There are a bunch of columns in our table, and we can't see all of them by scrolling. Below, we can look at a list of the columns instead.

In [13]:
df_permafrost.columns

Index(['indexed', 'reference-count', 'publisher', 'issue', 'license',
       'content-domain', 'short-container-title', 'DOI', 'type', 'created',
       'page', 'source', 'is-referenced-by-count', 'title', 'prefix', 'volume',
       'author', 'member', 'published-online', 'reference', 'container-title',
       'language', 'link', 'deposited', 'score', 'issued', 'references-count',
       'journal-issue', 'URL', 'relation', 'ISSN', 'issn-type', 'subject',
       'publisher-location', 'isbn-type', 'published-print', 'update-policy',
       'ISBN', 'assertion', 'short-title', 'subtitle', 'archive'],
      dtype='object')

In [52]:
df_permafrost.shape[0]

20

Container-title seems to stand in for Journal Title. Let's look at what's in the container title column:

In [104]:
journal_titles = df_permafrost['container-title']
journal_titles

0     [Permafrost and Periglacial Processes]
1                       [Thawing Permafrost]
2                                        NaN
3     [Permafrost and Periglacial Processes]
4     [Permafrost and Periglacial Processes]
5     [Permafrost and Periglacial Processes]
6     [Permafrost and Periglacial Processes]
7     [Permafrost and Periglacial Processes]
8     [Permafrost and Periglacial Processes]
9     [Permafrost and Periglacial Processes]
10    [Permafrost and Periglacial Processes]
11    [Permafrost and Periglacial Processes]
12    [Permafrost and Periglacial Processes]
13    [Permafrost and Periglacial Processes]
14    [Permafrost and Periglacial Processes]
15    [Permafrost and Periglacial Processes]
16    [Permafrost and Periglacial Processes]
17    [Permafrost and Periglacial Processes]
18    [Permafrost and Periglacial Processes]
19    [Permafrost and Periglacial Processes]
Name: container-title, dtype: object

## 1.4 Data Retrieval

We want to be able to retrieve more data from CrossRef. A single CrossRef query can return up to 1,000 results, and since our query has over 42,000 total results, we would need to make 43 queries. Remember at the beginning, we only had 20 results since we only grabbed the first page. The CrossRef API permits fetching results from multiple pages, so by setting `cursor` to `*` and `cursor_max` to 1000 we can grab 1000 queries at once. Querying all 42,000 results would take a long time, so for the purposes of this demonstration we are only using 1000. If you have more time, you could query more results, but be aware that it will take a long time.

In [20]:
# this cell will take a while to run
cr_permafrost = cr.works(query="permafrost", cursor = "*", cursor_max = 1000, progress_bar = True)

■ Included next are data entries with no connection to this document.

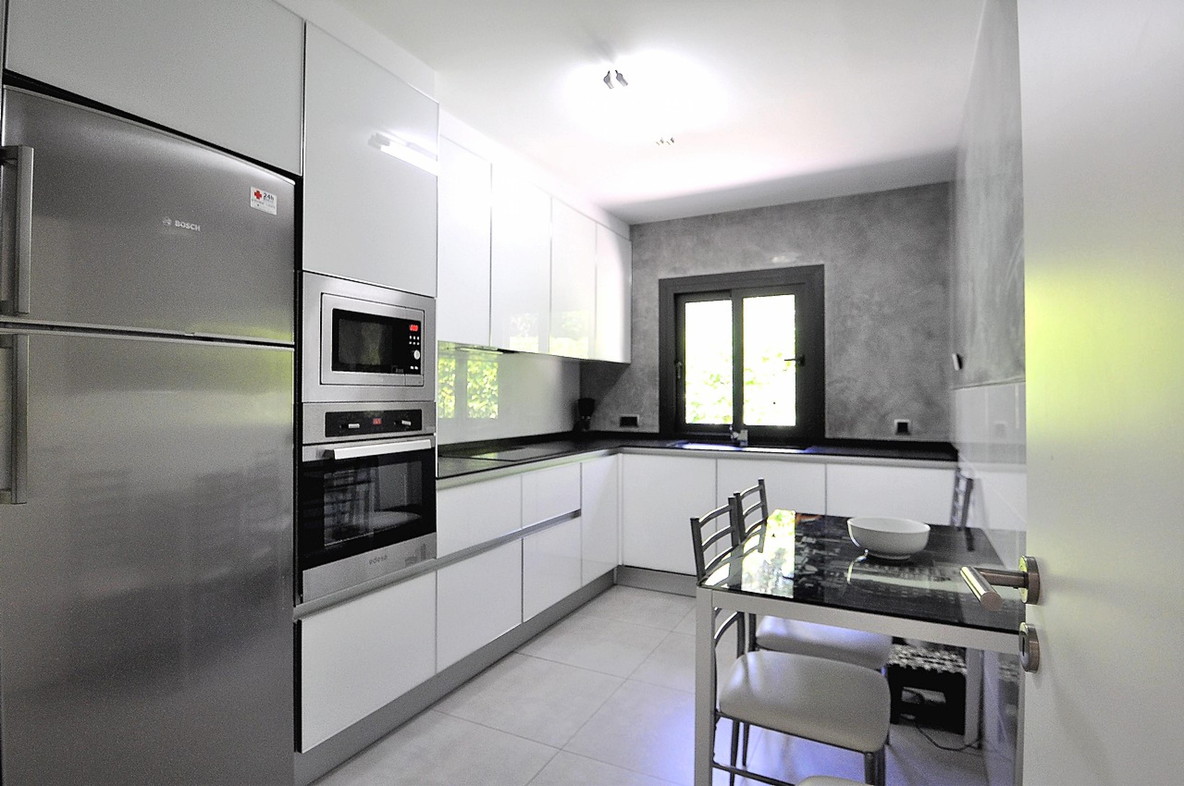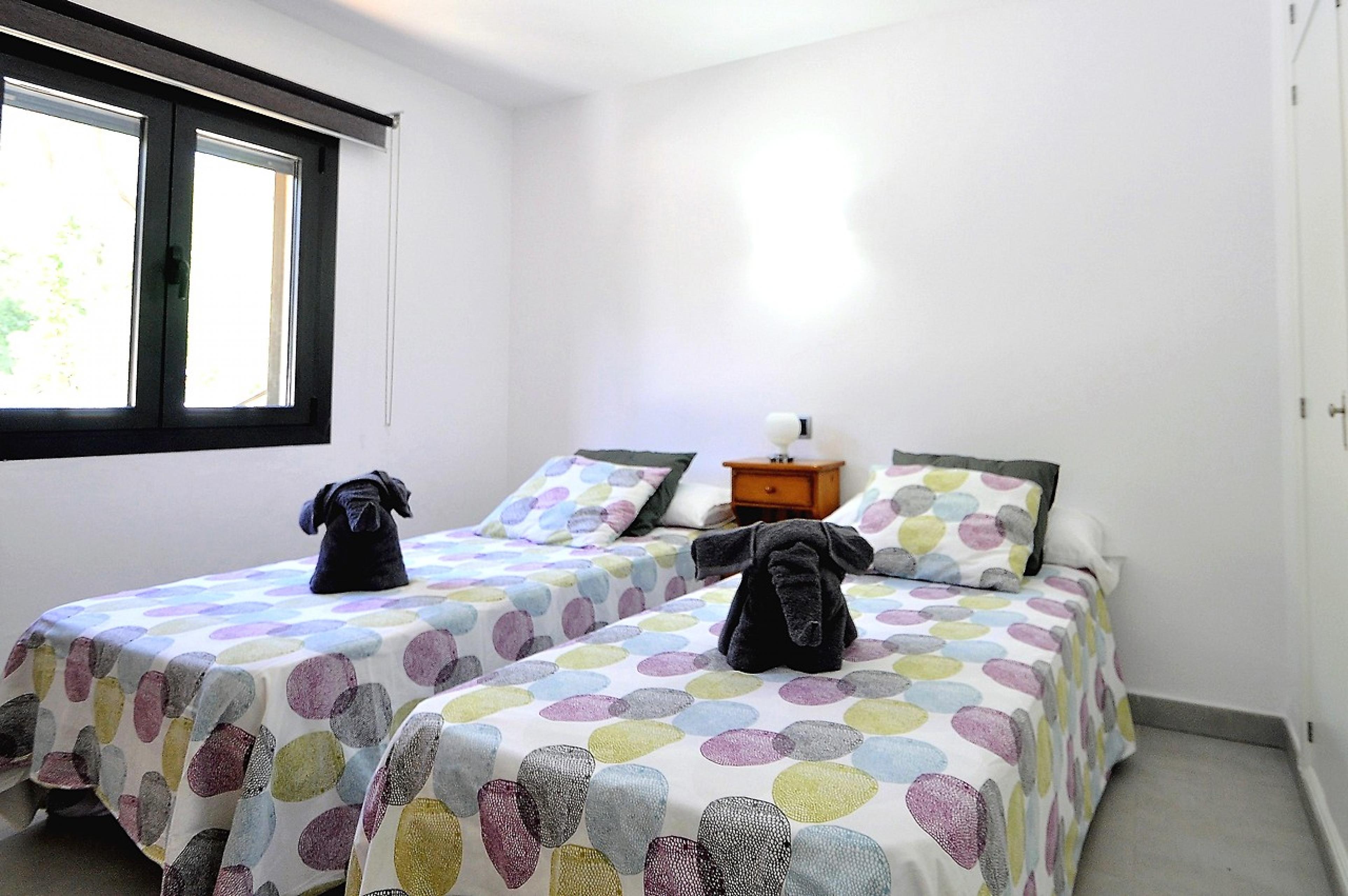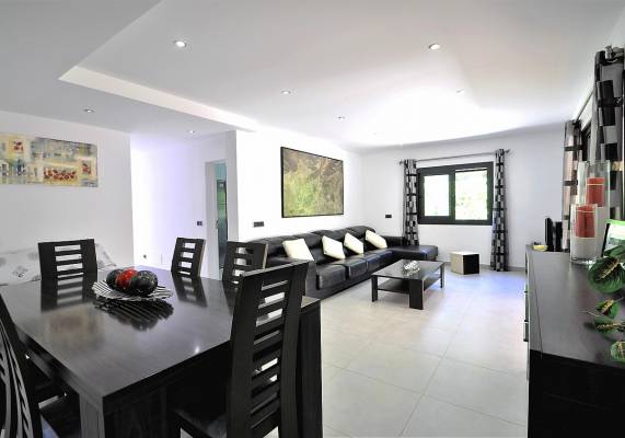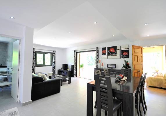 Es verfügt über 120 m2 im Bungalowstil . Es gibt ein Wohnzimmer mit SAT TV, Internet , Ledersofa und Esstisch für 8 Personen. Eingerichtete Küche, 3 Doppelschlafzimmer und 2 Badezimmer.
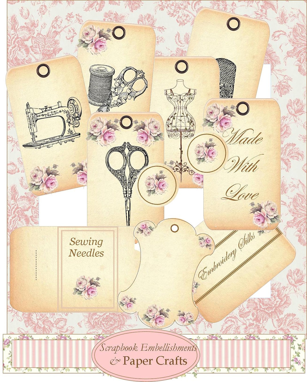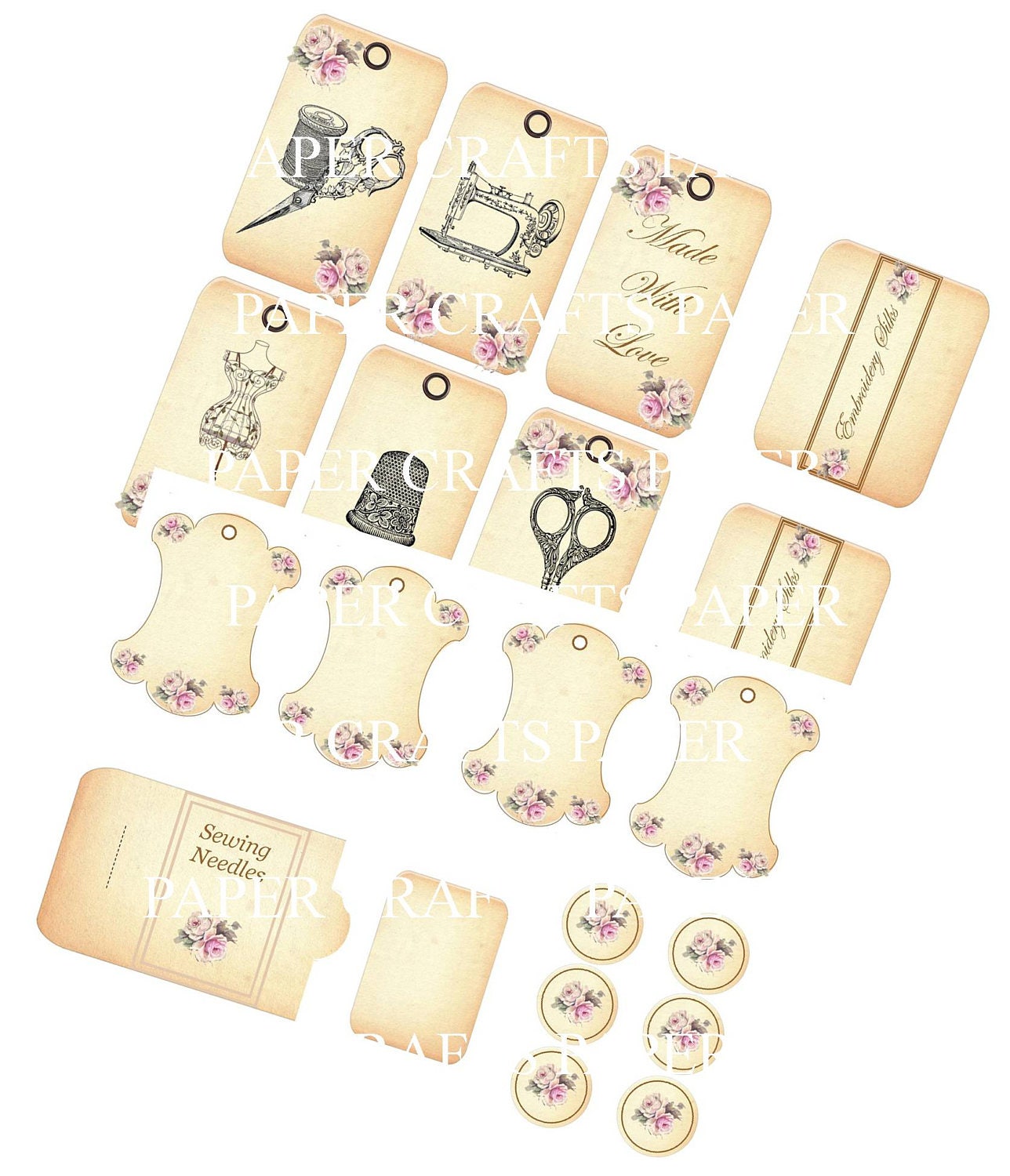 Papercraft Vintage Sewing Labels Tags Needle Thread Winders Instant ...
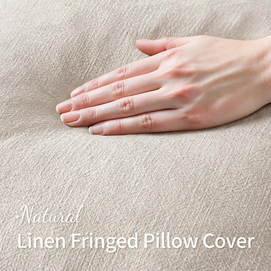 Christmas Decorative Throw Pillow Covers Neutral Linen Fringe Throw Pillows Set of 2 Natural Beige Boho Farmhouse Cushion Covers with Tassels for Couch Sofa Bed Living Room Decor 18X18 Inch
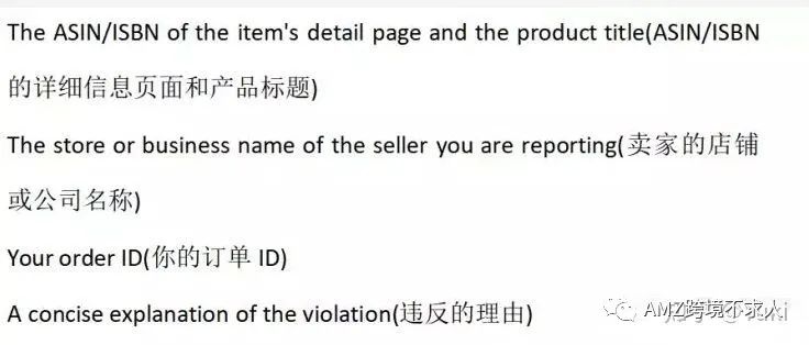 http://www.amazon.com/gp/help/reports/contact-us,选择页面左边“contact us“,然后让买家提供跟卖者所销售的产品与Listing描述不符合的地方,拍照为证。且要详细描述跟卖者所售产品与你正版产品的差异。并让客服留下邮箱,你追加一份邮件内容包括:
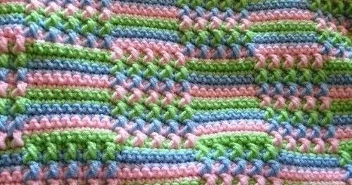8. Смените пряжу и повторите пп. 4-7. Чередуя цвета, изготовьте блок необходимого размера.
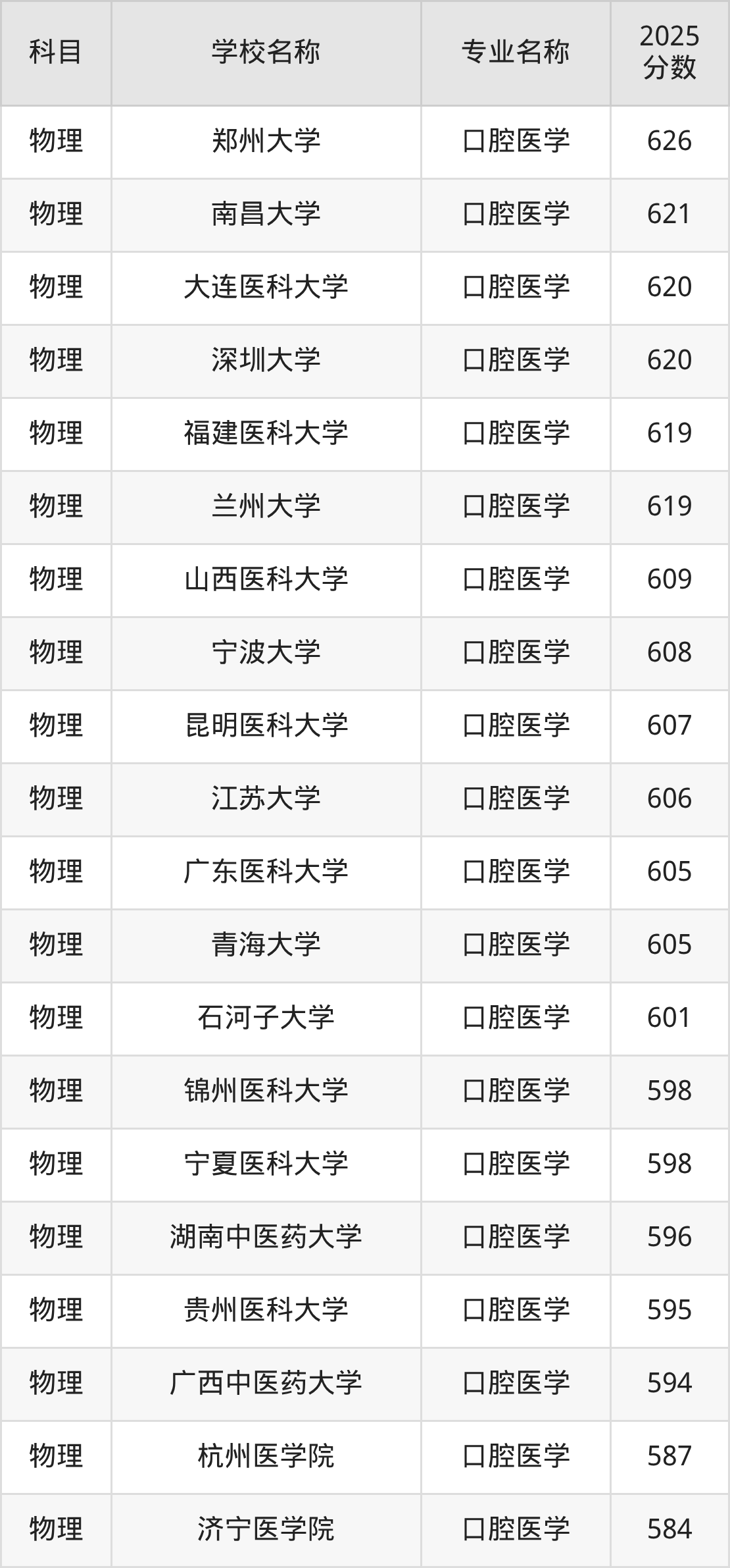 河北高考物理组:口腔医学专业的最低分是406分~612分

100%|██████████| 49/49 [00:53<00:00,  1.10s/it]


We can check that we have the 1,000 messages, and indeed we do.

In [21]:
sum([len(k['message']['items']) for k in cr_permafrost])

1000

Remember before, when you created your own search query? Here, we'll go through a few steps to get more results for your query. First, we'll check how many total results your query has. Run the cell below to find out.

In [20]:
#Uncomment and run your query
#query['message']['total-results']

NameError: name 'query' is not defined

If there are fewer than 1000 results, then set `cursor_max` to the number of results. If there are more than 1000 results, set `cursor_max` to 1000 so that the code won't take too long to run. Be sure to fill in `query` with the same search term you used earlier.

In [None]:
#Your example
# cr_query = cr.works(query="queryname", cursor = "*", cursor_max = 1000, progress_bar = True)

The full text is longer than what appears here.